▶ ACTIVITY:
Keep the wording of the records intact as you retype them, and omit every image.

───

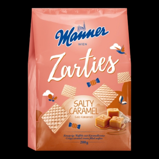 Die leckeren Manner Zarties in der Sorte Salty Caramel verführen alle Naschkatzen, die es gerne knusprig mögen. Zwei zarte Hälften aus einer unverg...
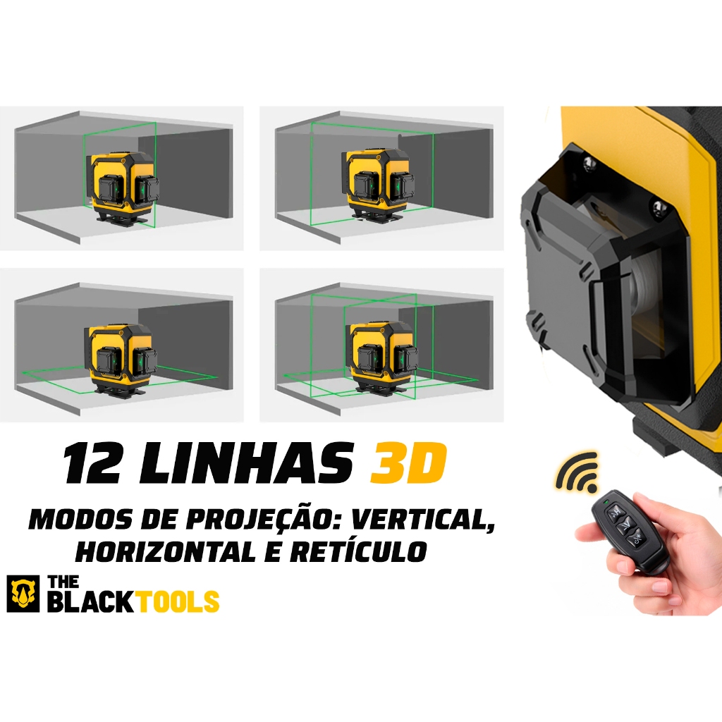 Nível Laser 12 Linhas Esquadro E Suporte Recarregavel Profissional Autonivelante - The Black Tools
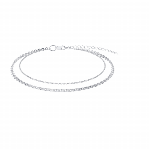 Стильный многослойный браслет, состоящий из двух якорных цепей с алмазной гранью, выполнен из родированного серебра 925 пробы
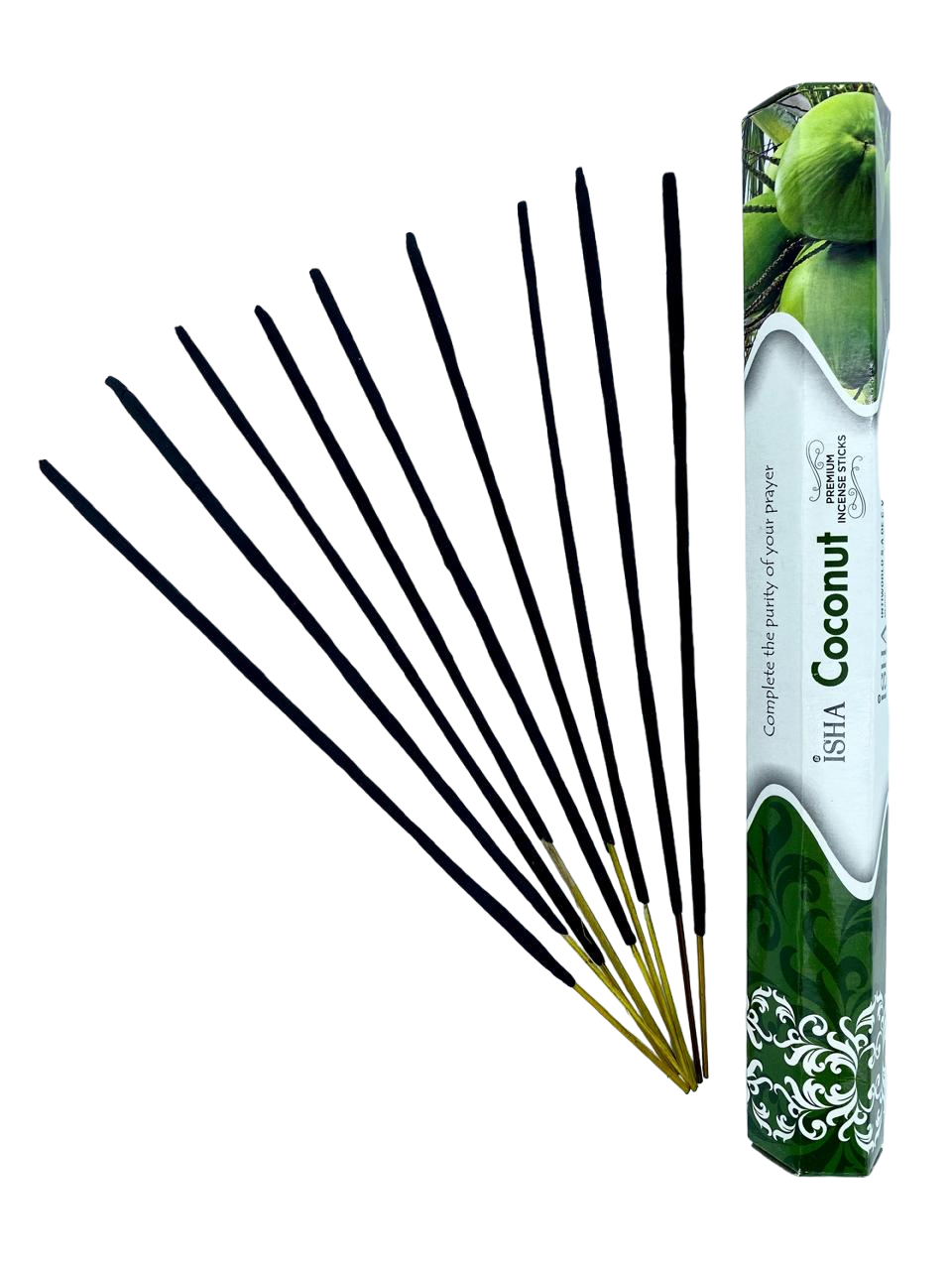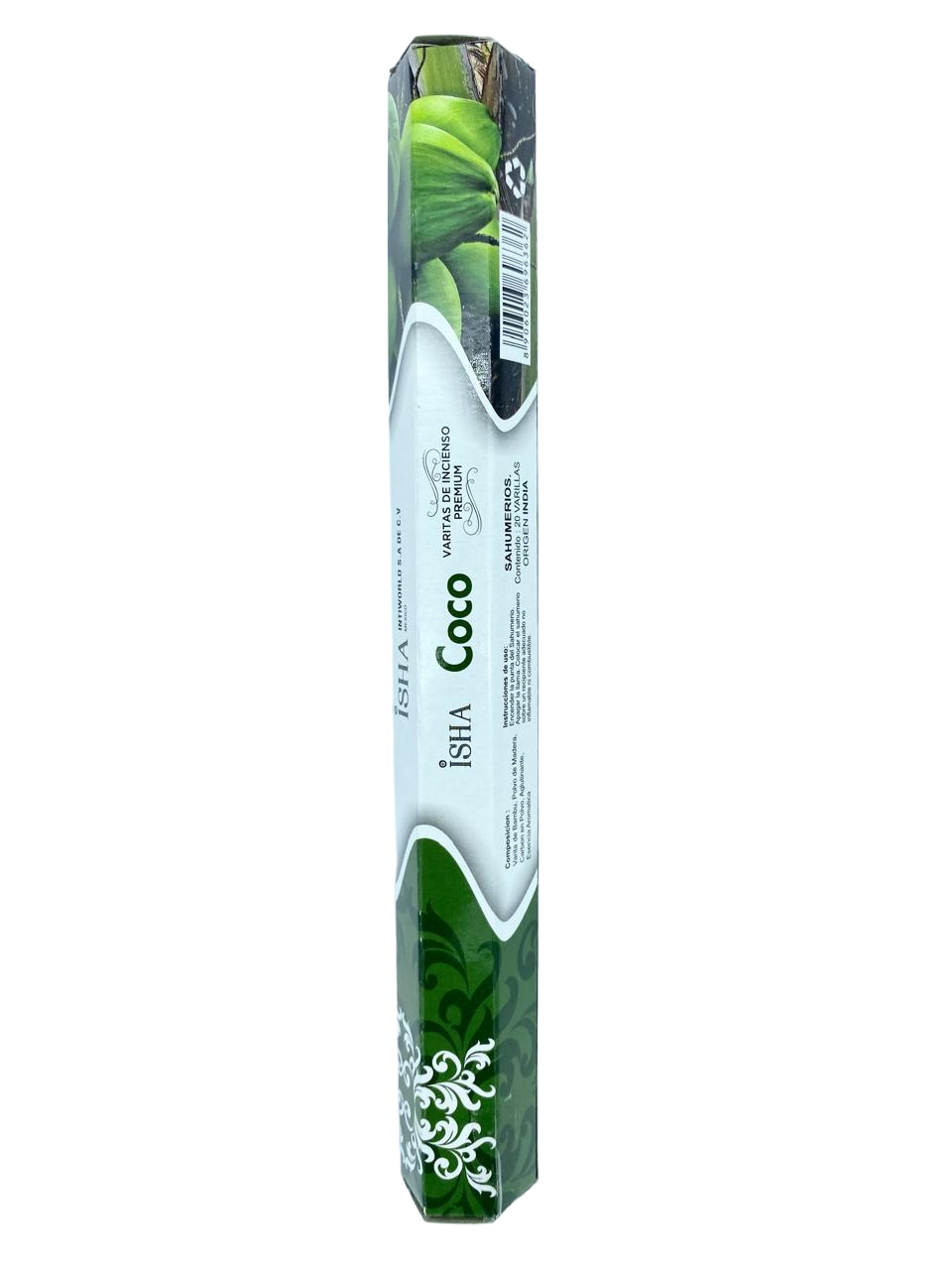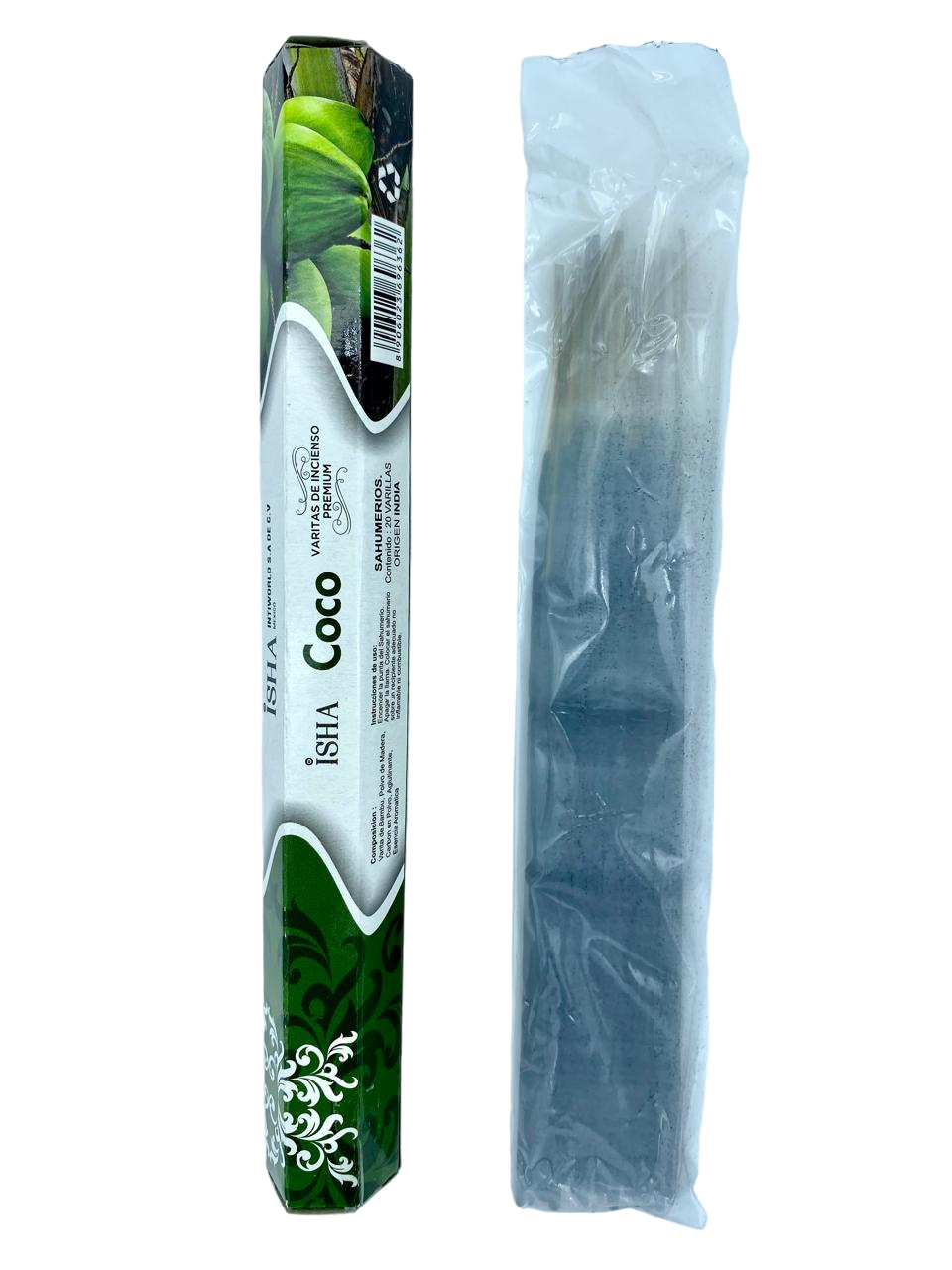 Incienso natural de aroma Coco, sobre que contiene 20 varitas, elaborado en la India.
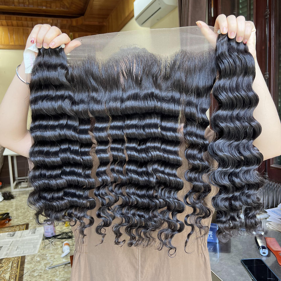ผมต่อของมนุษย์เวียดนาม100% คลื่นน้ำลึกสีดำธรรมชาติย้อมสีได้มีทุกสียาว6-36นิ้ว
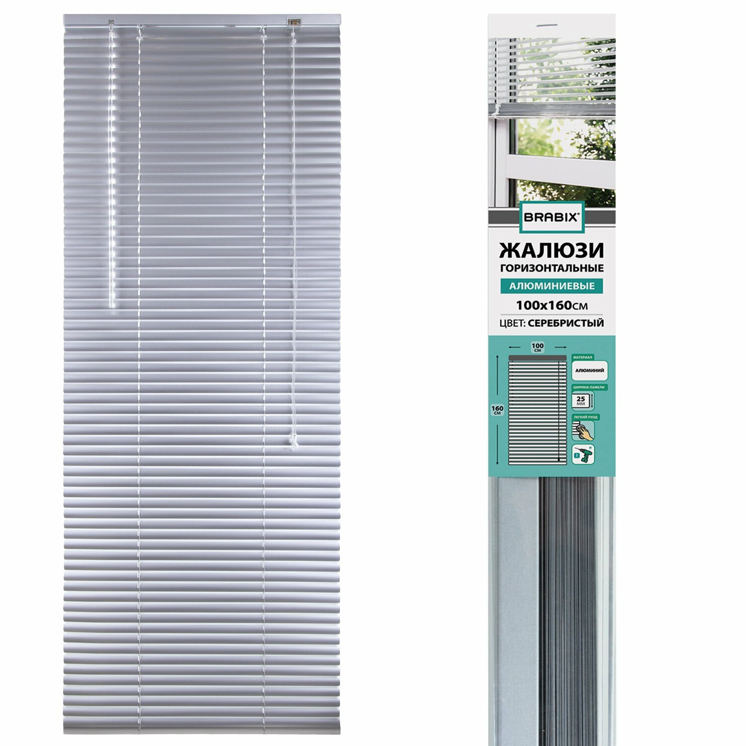 Жалюзи горизонтальные BRABIX 160х160 см, алюминий, цвет серебристый, 606047
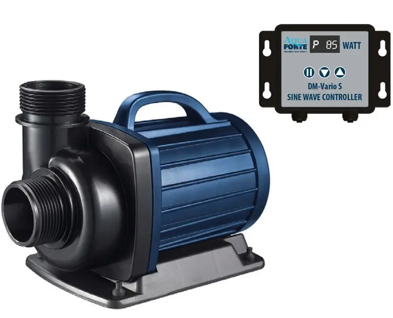 The DM-Vario S pumps are suited for outdoor use and are suited for wet & dry applications. With the external controller you can adjust the flow (and thus the energy consumption) from 30% to 100%. The controller can also start/stop the pump (pause button). Provided with synchronous motor and wearproof ceramic shaft for long time use. Automatic power-off protection when running dry. When the impeller is blocked it will go into a ??lock?? position in which the pump does not use power and waits until the blockage is gone. This will prevent a motor burn out.
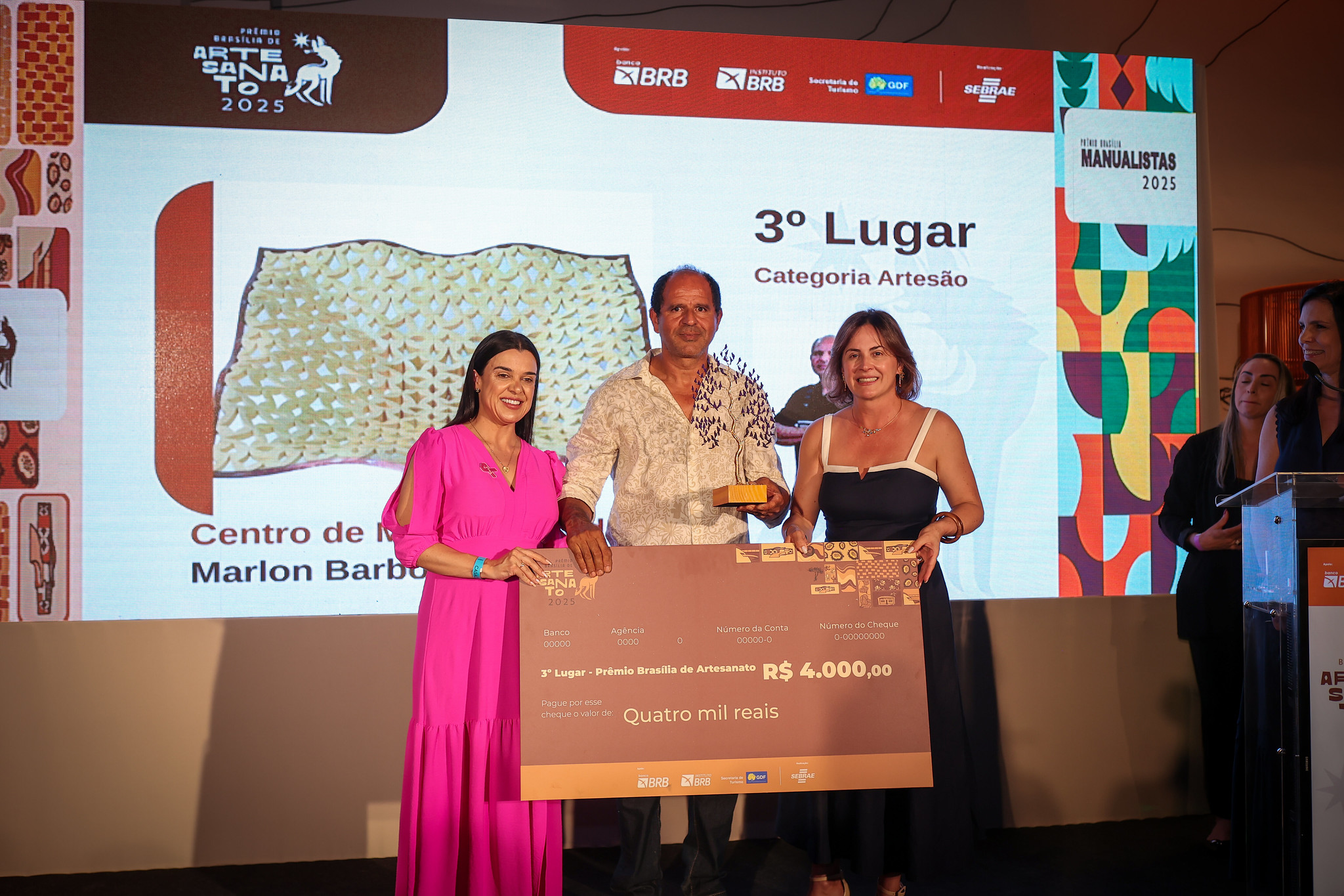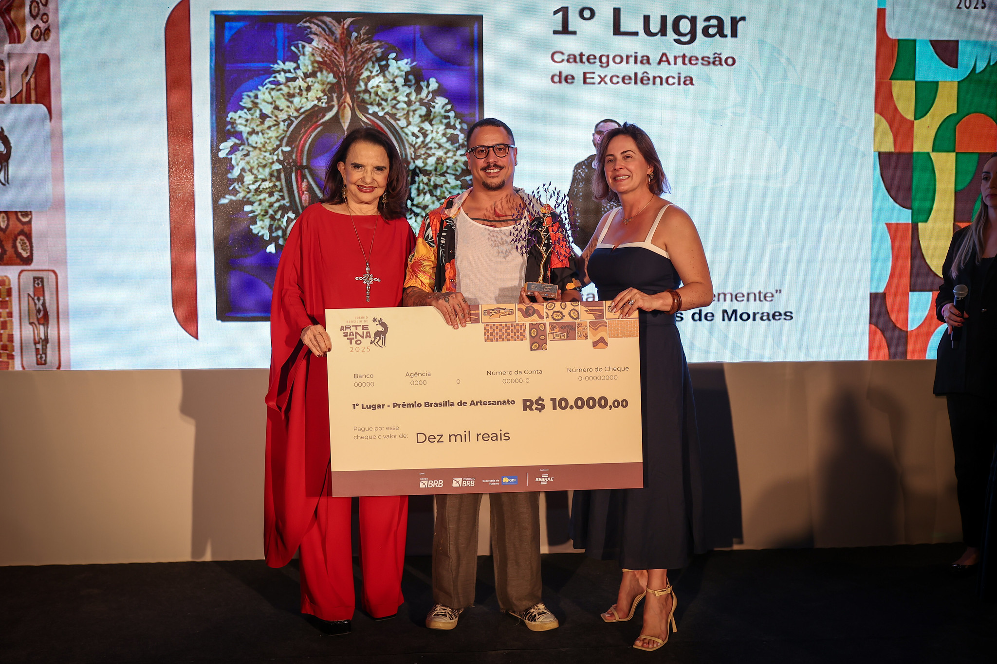 Em seguida, foi o momento de conhecer os três artesãos mais bem colocados na categoria Artesão de Excelência, que busca reconhecer profissionais cujo trabalho se destaca pela excelência técnica e pela contribuição para a valorização do artesanato no Distrito Federal. Bianca Barbosa Santana Nascimento, de Águas Claras, e Mariana Nunes de Oliveira Damasceno, de Sobradinho, ocuparam o terceiro e o segundo lugar, enquanto João Vinícius de Moraes Nascimento, artesão do Gama, ficou com a primeira colocação.
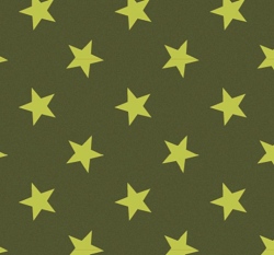 Teplákovina potisk neonově zelené hvězdičky na khaki zelené
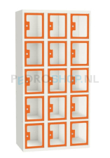 SQ Classic lockerkast, 3-koloms, 15-deurs, transparant venster, oranje, h180*b90*d50 cm
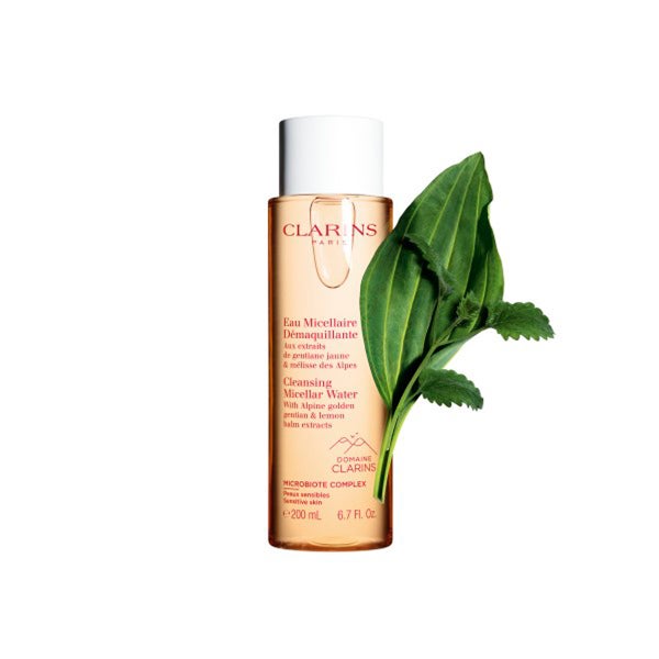 Água micelar desmaquilante enriquecida com o novo duo Gentle Complex (extratos de genciana amarela orgânica e melissa orgânica), proveniente da Fazenda Clarins, que remove a maquiagem de forma suave e rápida, preservando a microbiota cutânea.

───

▶ SOLUTION FOR THIS EXERCISE:
 Die leckeren Manner Zarties in der Sorte Salty Caramel verführen alle Naschkatzen, die es gerne knusprig mögen. Zwei zarte Hälften aus einer unverg...
 Nível Laser 12 Linhas Esquadro E Suporte Recarregavel Profissional Autonivelante - The Black Tools
 Стильный многослойный браслет, состоящий из двух якорных цепей с алмазной гранью, выполнен из родированного серебра 925 пробы
 Incienso natural de aroma Coco, sobre que contiene 20 varitas, elaborado en la India.
ผมต่อของมนุษย์เวียดนาม100% คลื่นน้ำลึกสีดำธรรมชาติย้อมสีได้มีทุกสียาว6-36นิ้ว
 Жалюзи горизонтальные BRABIX 160х160 см, алюминий, цвет серебристый, 606047
 The DM-Vario S pumps are suited for outdoor use and are suited for wet & dry applications. With the external controller you can adjust the flow (and thus the energy consumption) from 30% to 100%. The controller can also start/stop the pump (pause button). Provided with synchronous motor and wearproof ceramic shaft for long time use. Automatic power-off protection when running dry. When the impeller is blocked it will go into a ??lock?? position in which the pump does not use power and waits until the blockage is gone. This will prevent a motor burn out.
 Em seguida, foi o momento de conhecer os três artesãos mais bem colocados na categoria Artesão de Excelência, que busca reconhecer profissionais cujo trabalho se destaca pela excelência técnica e pela contribuição para a valorização do artesanato no Distrito Federal. Bianca Barbosa Santana Nascimento, de Águas Claras, e Mariana Nunes de Oliveira Damasceno, de Sobradinho, ocuparam o terceiro e o segundo lugar, enquanto João Vinícius de Moraes Nascimento, artesão do Gama, ficou com a primeira colocação.
 Teplákovina potisk neonově zelené hvězdičky na khaki zelené
 SQ Classic lockerkast, 3-koloms, 15-deurs, transparant venster, oranje, h180*b90*d50 cm
 Água micelar desmaquilante enriquecida com o novo duo Gentle Complex (extratos de genciana amarela orgânica e melissa orgânica), proveniente da Fazenda Clarins, que remove a maquiagem de forma suave e rápida, preservando a microbiota cutânea.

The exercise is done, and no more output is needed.